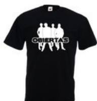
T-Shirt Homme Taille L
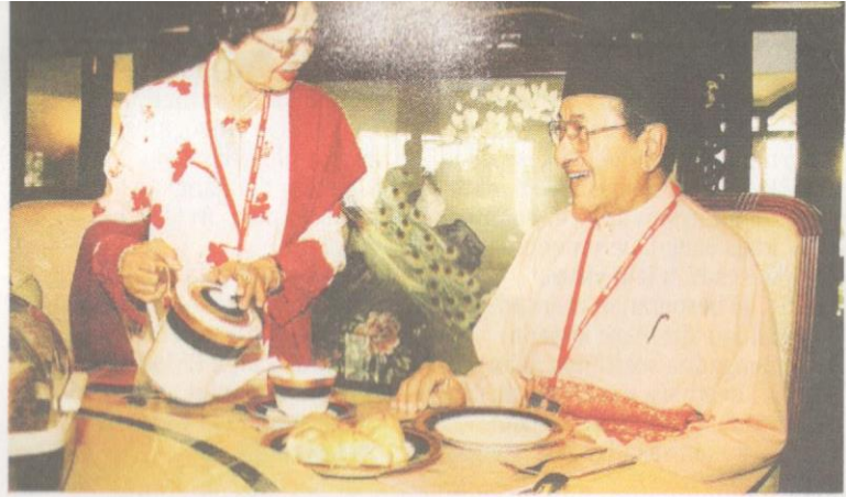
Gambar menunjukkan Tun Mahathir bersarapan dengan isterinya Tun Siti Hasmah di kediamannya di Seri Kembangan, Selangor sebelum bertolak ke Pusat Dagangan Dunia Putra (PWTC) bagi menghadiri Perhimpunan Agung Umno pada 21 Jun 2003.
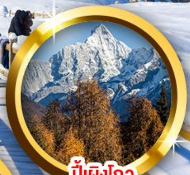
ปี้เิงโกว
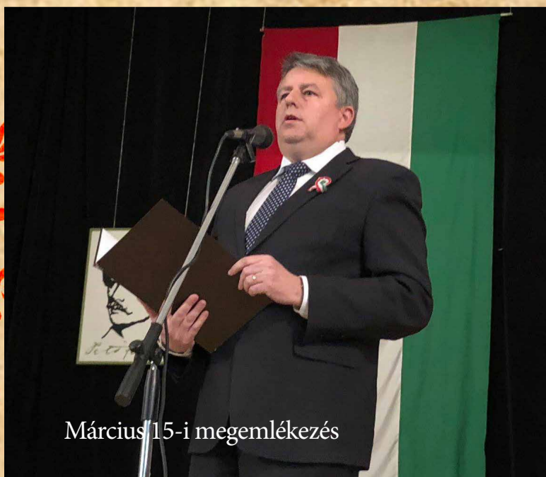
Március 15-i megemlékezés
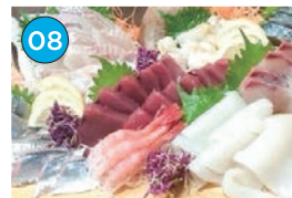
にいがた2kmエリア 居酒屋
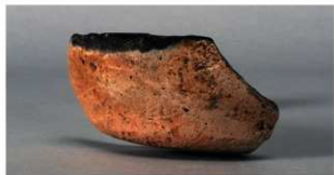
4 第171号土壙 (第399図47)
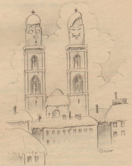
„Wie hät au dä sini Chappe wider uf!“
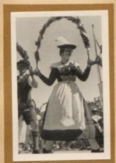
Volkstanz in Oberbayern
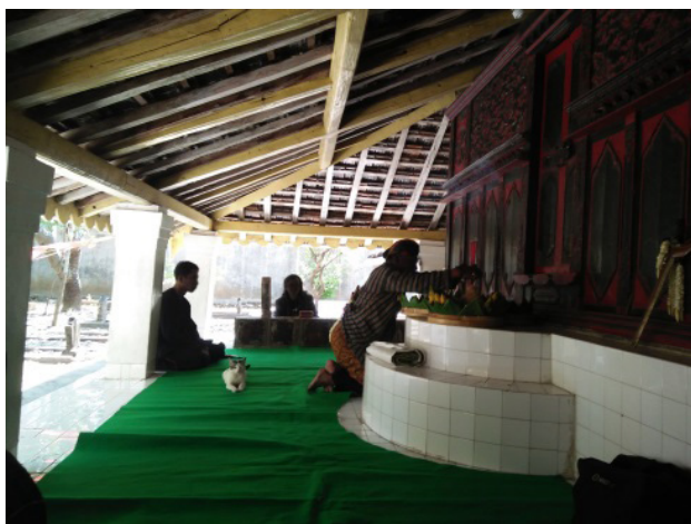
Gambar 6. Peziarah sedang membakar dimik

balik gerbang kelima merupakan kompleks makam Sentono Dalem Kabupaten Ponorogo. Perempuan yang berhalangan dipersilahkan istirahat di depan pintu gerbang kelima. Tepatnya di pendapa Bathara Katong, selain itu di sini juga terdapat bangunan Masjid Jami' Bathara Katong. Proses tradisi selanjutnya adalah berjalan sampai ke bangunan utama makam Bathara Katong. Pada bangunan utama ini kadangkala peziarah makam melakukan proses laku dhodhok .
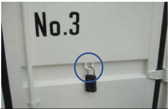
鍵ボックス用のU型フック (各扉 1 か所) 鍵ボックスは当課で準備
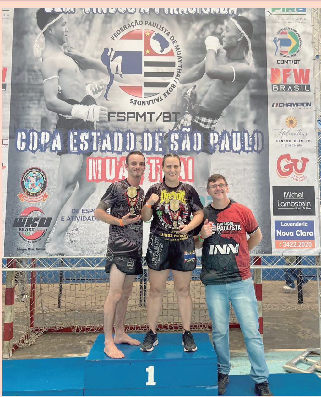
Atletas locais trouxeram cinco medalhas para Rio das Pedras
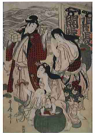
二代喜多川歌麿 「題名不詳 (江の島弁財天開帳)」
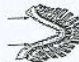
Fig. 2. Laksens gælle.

==*==

Task directions
Copy out the lines of the data where the string "sini" occurs.

Output below
„Wie hät au dä sini Chappe wider uf!“
balik gerbang kelima merupakan kompleks makam Sentono Dalem Kabupaten Ponorogo. Perempuan yang berhalangan dipersilahkan istirahat di depan pintu gerbang kelima. Tepatnya di pendapa Bathara Katong, selain itu di sini juga terdapat bangunan Masjid Jami' Bathara Katong. Proses tradisi selanjutnya adalah berjalan sampai ke bangunan utama makam Bathara Katong. Pada bangunan utama ini kadangkala peziarah makam melakukan proses laku dhodhok .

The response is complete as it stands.